Es hat daher bei der Beweispflicht des Beklagten für die tatsächlichen Voraussetzungen der von ihm auf Bereicherungsrecht gegründeten Gegenforderungen zu bleiben. Dass sich die tatsächlichen Voraussetzungen für die eine von den Vorinstanzen untersuchte Gegenforderung nicht klären ließen, führt daher dazu, dass diese Gegenforderung die inzwischen unstrittige Klageforderung nicht zu tilgen vermochte.
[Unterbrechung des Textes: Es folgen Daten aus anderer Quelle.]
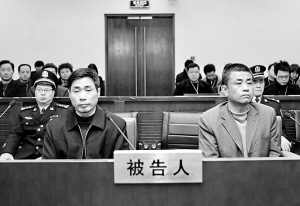 3月1日,被告人阙敬德(右)、张志琴在法庭上。3月1日上午,上海市第一中级人民法院开庭审理上海“倒楼案”两名主要责任人阙敬德、张志琴。公诉人在法庭上指控两人在发生倒楼事故的梅都公司改制过程中贪污4000余万元;此外,张志琴涉嫌挪用资金4.4亿元,并在倒楼事故中犯有重大责任事故罪。新华社发
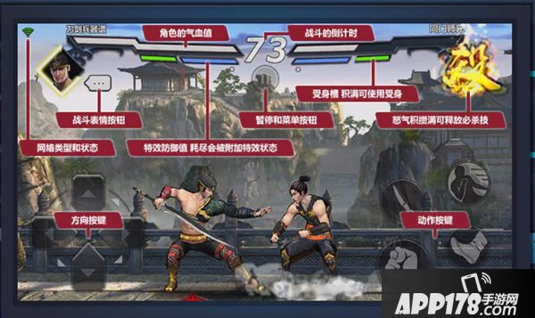 刀剑兵器谱手游采用虚拟按键操作,可以外接手柄。左下角是方向键,前后,下蹲和跳跃键。
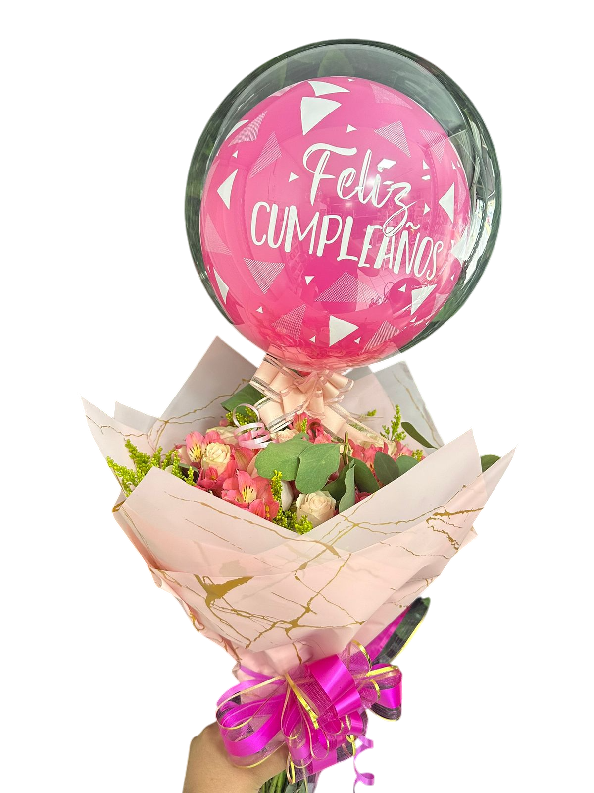 Alegre ramo de flores en colores variados acompañado de globo “Feliz Cumpleaños”, ideal para celebrar y sorprender en una fecha especial.
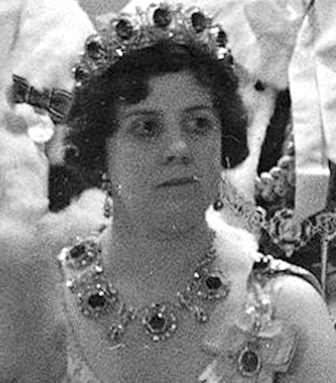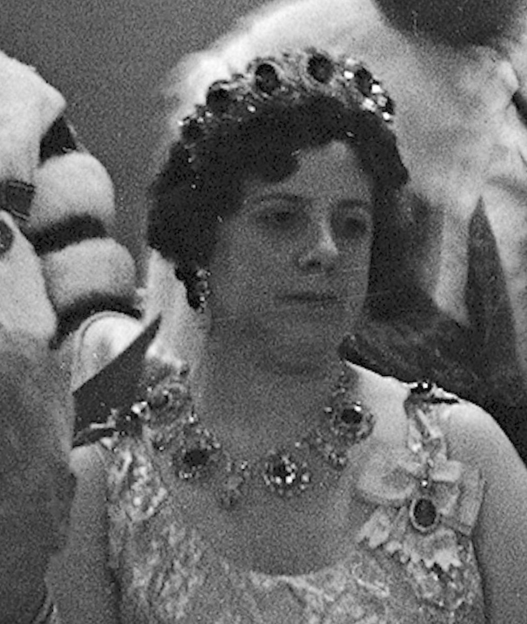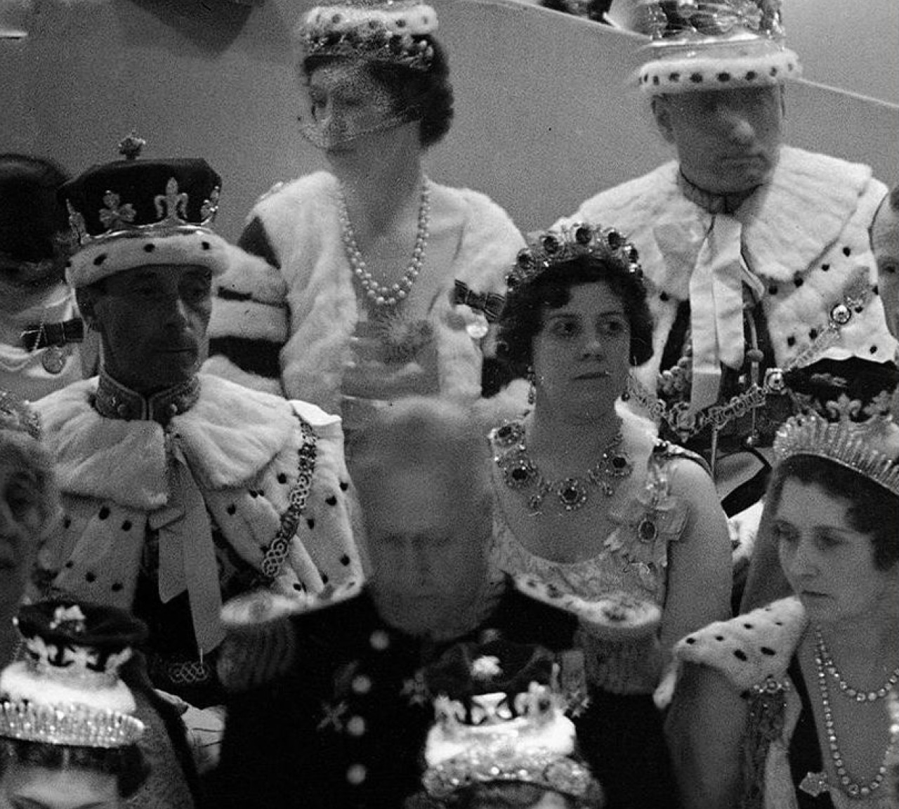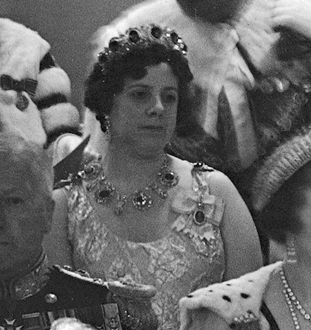 After Queen Alexandra’s death in 1925, and the Amethyst Tiara and accompanying Necklace, and the Sapphire Necklace, were inherited by the aforementioned Princess Louise, Duchess of Fife, who left them in 1931, to her younger daughter, Princess Maud, then Lady Maud Carnegie and later Countess of Southesk, who notably wore the Amethyst Tiara and Necklace for the Coronation of her cousin, King George VI in 1937.

Da der Beklagte über die von den Vorinstanzen geprüfte Gegenforderung hinaus aber noch weitere gleichartige Gegenforderungen eingewendet hat, erweist sich die Aufhebung der Urteile der Vorinstanzen zwecks Prüfung des Bestands einer die Höhe der Klageforderung erreichenden Gegenforderung als unvermeidlich.
Im Übrigen ist festzuhalten, dass die vom Kläger gerügte Aktenwidrigkeit sowie Mangelhaftigkeit des Berufungsverfahrens nicht vorliegen (§ 510 Abs 3 ZPO).
Der auch in dritter Instanz aufrechterhaltene Einwand der Verjährung der geltend gemachten Gegenforderung ist im Hinblick darauf unberechtigt, dass es sich bei den Rückzahlungen des Beklagten nicht etwa um Annuitäten, sondern um „gemeine Raten“ handelte, zumal Zinsen weder verlangt noch bezahlt, sondern nur Kapitalsbeträge geleistet wurden. Gemeine Raten unterfallen aber der 30‑jährigen Verjährungsfrist (8 Ob 124/03y mwN; RIS‑Justiz RS0034376; M. Bydlinski in Rummel 3 § 1480 ABGB Rz 2).
Da die für die Anwendung des Anscheinsbeweises vorausgesetzte typische formelhafte Verknüpfung (vgl RIS‑Justiz RS0040287) zwischen der Unterfertigung einer Urkunde und der Richtigkeit der darin festgehaltenen Tatsachen nicht besteht (vgl 9 ObA 205/98g), kommt der in diesem Zusammenhang vom Kläger geforderte Prima‑Facie‑Beweis nicht in Betracht.
Der Kostenvorbehalt beruht auf § 52 ZPO.